MEMASUKI tahun 2022, Lembaga Sensor Film (LSF) berupaya lebih dekat dengan masyarakat demi membangkitkan perfilman Indonesia. Ketua LSF, Rommy Fibri Hardiyanto mengajak masyarakat mulai mencanangkan budaya sensor mandiri. Pada era digital tantangan yang muncul tidak lagi hanya soal sensor film, tetapi juga literasi menonton.
Sensor mandiri dalam film adalah perilaku sadar untuk memilah dan memilih film yang akan ditonton. Film memiliki klasifikasi usia yakni seluruh umur, anak, remaja, dan dewasa.
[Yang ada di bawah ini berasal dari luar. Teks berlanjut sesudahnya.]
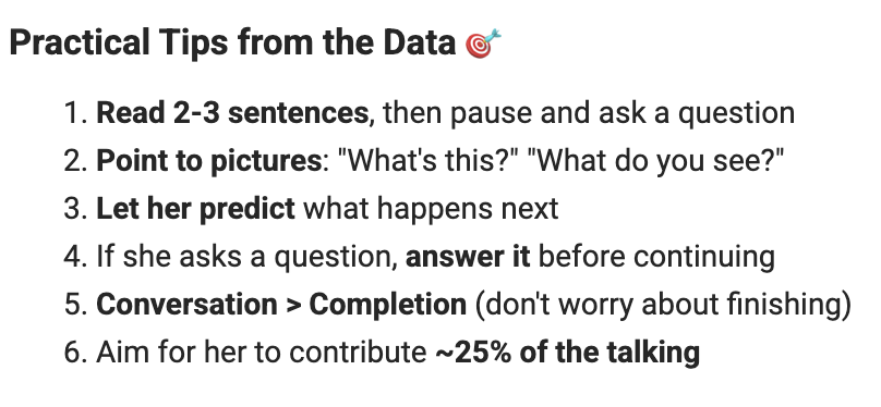 I asked: “what maximizes engagement during reading sessions?”, and Sonnet nailed it.
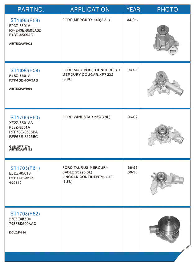 Water pump list
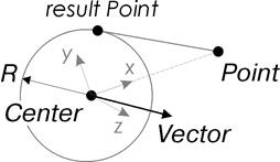 Данный метод создает точку касания окружности и прямой. Прямая проходит через точку Point и является касательной к окружности радиуса R и центром в точке Center. Окружность и прямая лежат в плоскости, нормаль которой определяется вектором Vector. Схема на рис. 3.
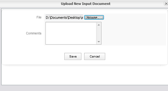 If it is a digital document, click on the Attach link and then browse for the file to upload. A comment about the Input Document can be added in the Comments field. Then click on Save to add the new Input Document.
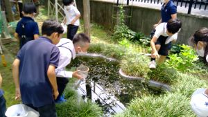 「虫はどこに隠れているんだろう?」とかくれんぼをしているように虫を探していました。見つけた虫は虫かごに入れて、中の環境を整えたり、餌を与えたりして大切に育てています。
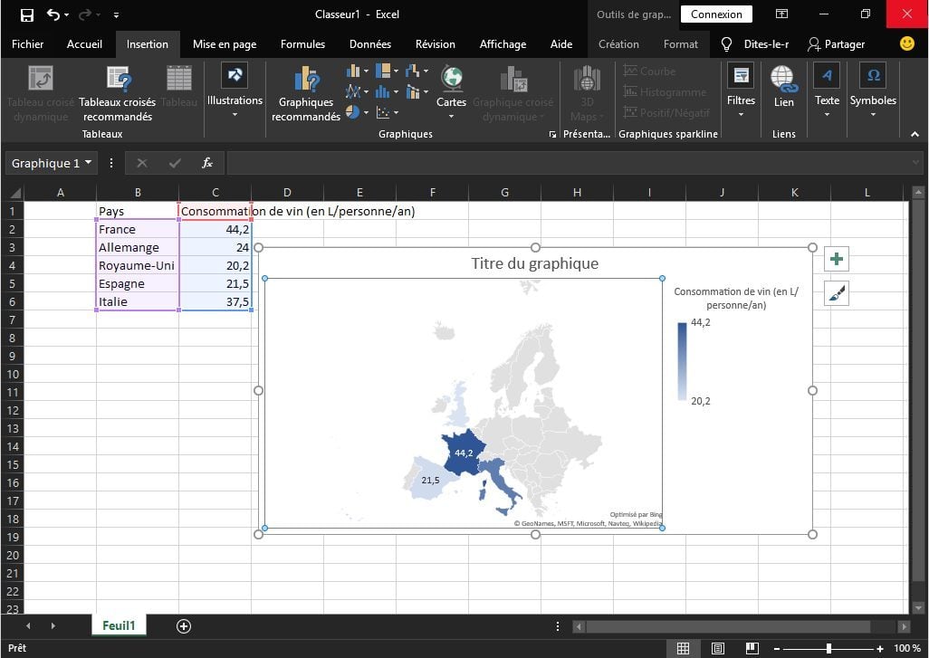 Le tableur de Microsoft inaugure deux nouveaux types de graphiques. Le premier permet de créer une carte en 2D pour comparer des valeurs dans des régions géographiques.
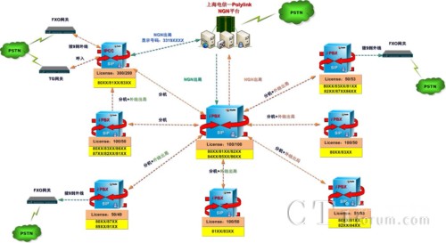 客戶采用IPCC-500型的IPCC系統(tǒng)組建一套分布式呼叫中心系統(tǒng)。它不僅實現(xiàn)呼叫中心功能,又完全取代傳統(tǒng)PBX作為核心的通信系統(tǒng)?蛻艨偛咳萘繛300門分機,另有分支機構(gòu)分別配置一臺IX-100和IX-50,作為分公司的電話交換設(shè)備。外地分部使用IX-50通過互聯(lián)網(wǎng)與總部的IPCC點對點對接,實現(xiàn)內(nèi)部互通免費?蛻舻淖撕陀脩舳丝偣布s有550門終端。

Masyarakat harus mematuhi klasifikasi usia, meski tidak ada sanksi hukum bila terjadi pelangggaran. Budaya sensor mandiri menjadi salah satu poin utama dalam Laporan Kinerja LSF Tahun 2021.
“LSF memandang penting adanya sensor mandiri, karena tontonan kini dapat diakses dengan bebas dan gratis,” kata Rommy, Selasa, 22 Maret 2022.
Masyarakat kini tidak hanya menonton melalui televisi, tetapi juga lewat internet. Sehingga, akar dari gerakan ini adalah peran penting lingkungan sosial seseorang, terutama anak. Sedangkan orang tua, keluarga, dan lingkungan sekitar berperan sebagai penyaring tontonan yang layak dikonsumsi berdasarkan usia.
Sejauh ini, LSF telah menggaungkan sensor mandiri agar menjadi kebudayaan masyarakat. Salah satunya melalui berbagai sosialiasi, baik itu secara daring ataupun secara langsung.
Program yang sudah digelar yaitu menyelenggarakan Fokus Grup Diskusi (FGD), juga penandatanganan Nota Kesepahaman dengan 42 lembaga dan perguruan tinggi. Baik Perguruan Tinggi Negeri maupun Perguruan Tinggi Swasta. Pada September hingga November 2021, LSF telah membentuk tiga Desa Sensor Mandiri, yaitu di Desa Tigaherang, Ciamis, Jawa Barat; Desa Manguharjo, Madiun, Jawa Timur; dan Desa Candirejo, Klaten, Jawa Tengah.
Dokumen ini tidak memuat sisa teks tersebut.